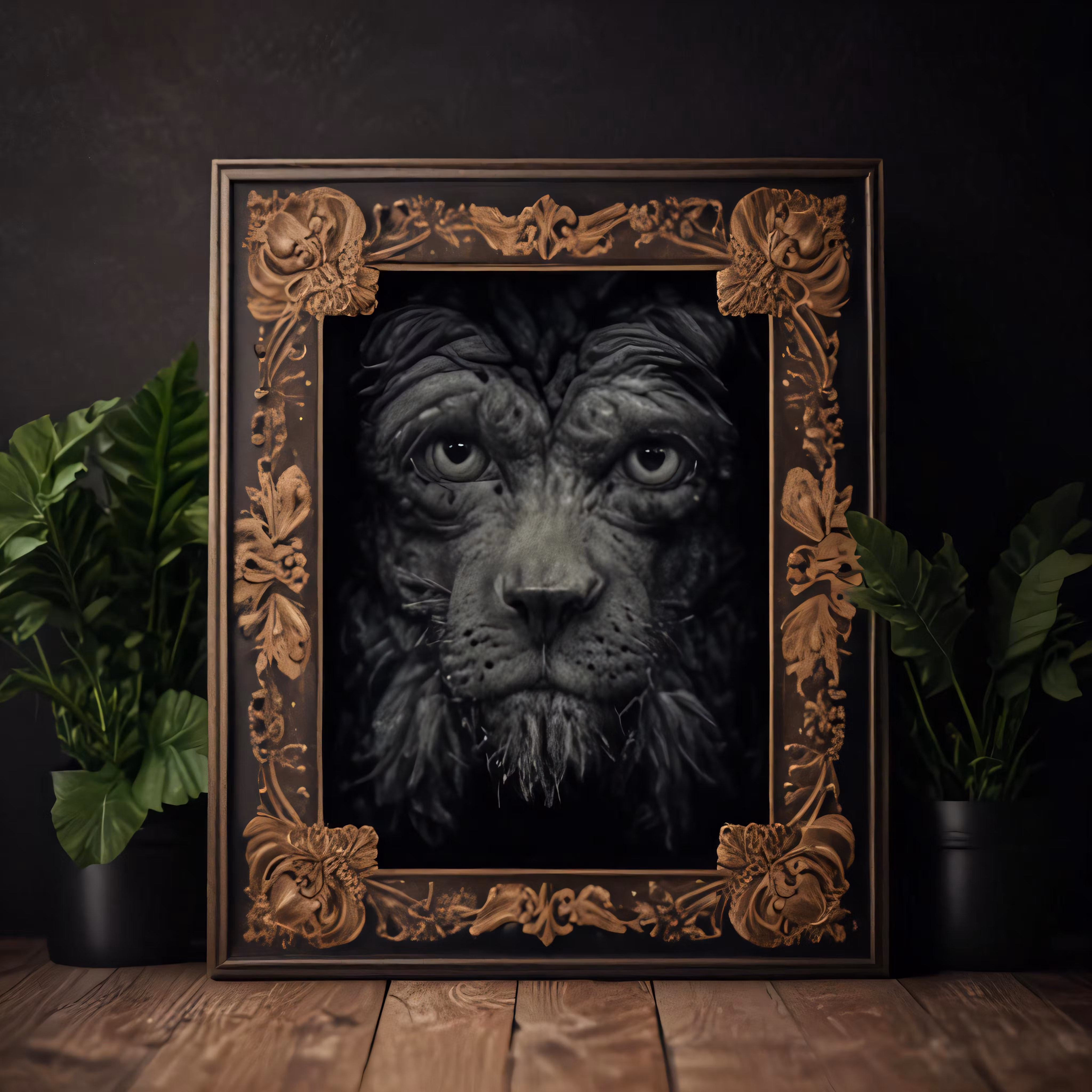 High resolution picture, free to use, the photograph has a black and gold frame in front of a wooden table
--
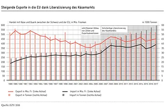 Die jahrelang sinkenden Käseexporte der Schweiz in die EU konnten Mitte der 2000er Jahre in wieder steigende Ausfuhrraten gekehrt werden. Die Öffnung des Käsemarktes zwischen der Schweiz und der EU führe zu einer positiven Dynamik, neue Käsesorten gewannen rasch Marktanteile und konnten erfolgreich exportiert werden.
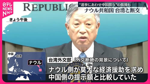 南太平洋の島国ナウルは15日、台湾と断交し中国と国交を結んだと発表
---
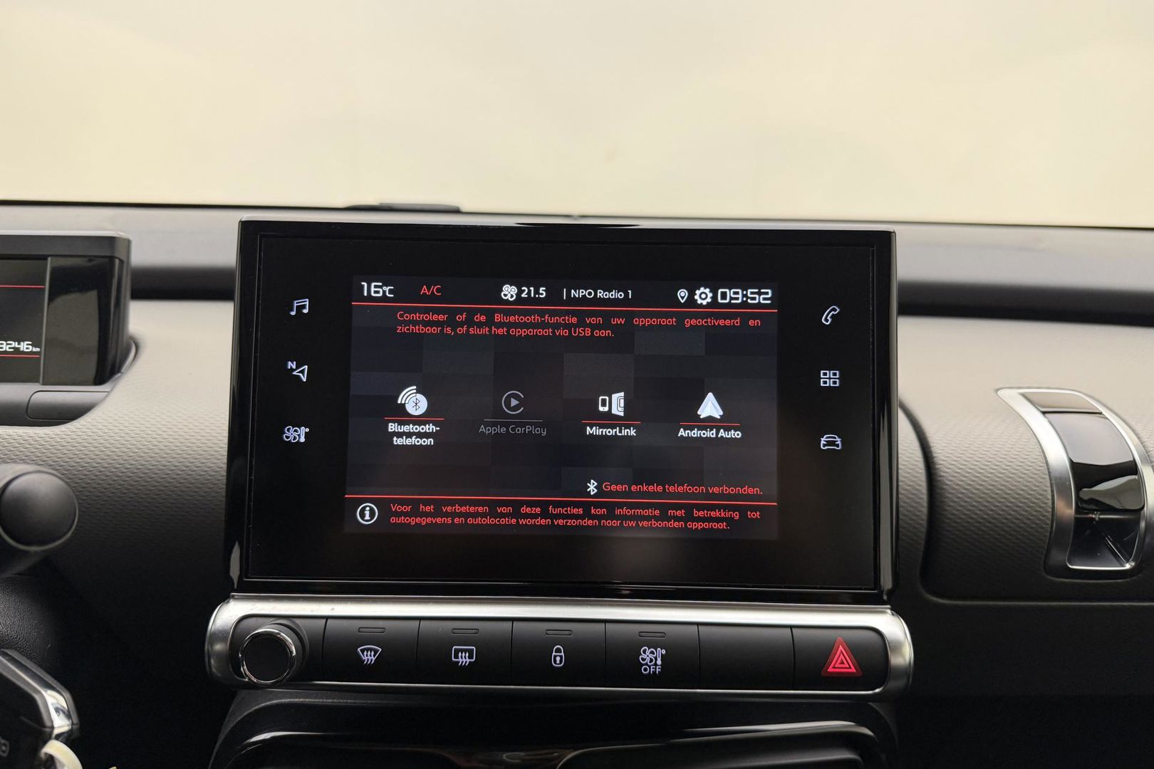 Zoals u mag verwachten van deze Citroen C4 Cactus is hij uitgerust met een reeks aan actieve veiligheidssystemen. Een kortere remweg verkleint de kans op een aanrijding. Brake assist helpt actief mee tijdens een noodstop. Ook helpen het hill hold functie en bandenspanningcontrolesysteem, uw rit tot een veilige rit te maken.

▸ **Activity**
Transcribe, from the material above, the stretch starting at the line with "Die jahrelang sinkenden" and ending at the line with "南太平洋の島国ナウルは15日、台湾と断交し中国と国交を結んだと発表", both included, exactly. Do not carry over pictures.

▸ **Completed task**
 Die jahrelang sinkenden Käseexporte der Schweiz in die EU konnten Mitte der 2000er Jahre in wieder steigende Ausfuhrraten gekehrt werden. Die Öffnung des Käsemarktes zwischen der Schweiz und der EU führe zu einer positiven Dynamik, neue Käsesorten gewannen rasch Marktanteile und konnten erfolgreich exportiert werden.
 南太平洋の島国ナウルは15日、台湾と断交し中国と国交を結んだと発表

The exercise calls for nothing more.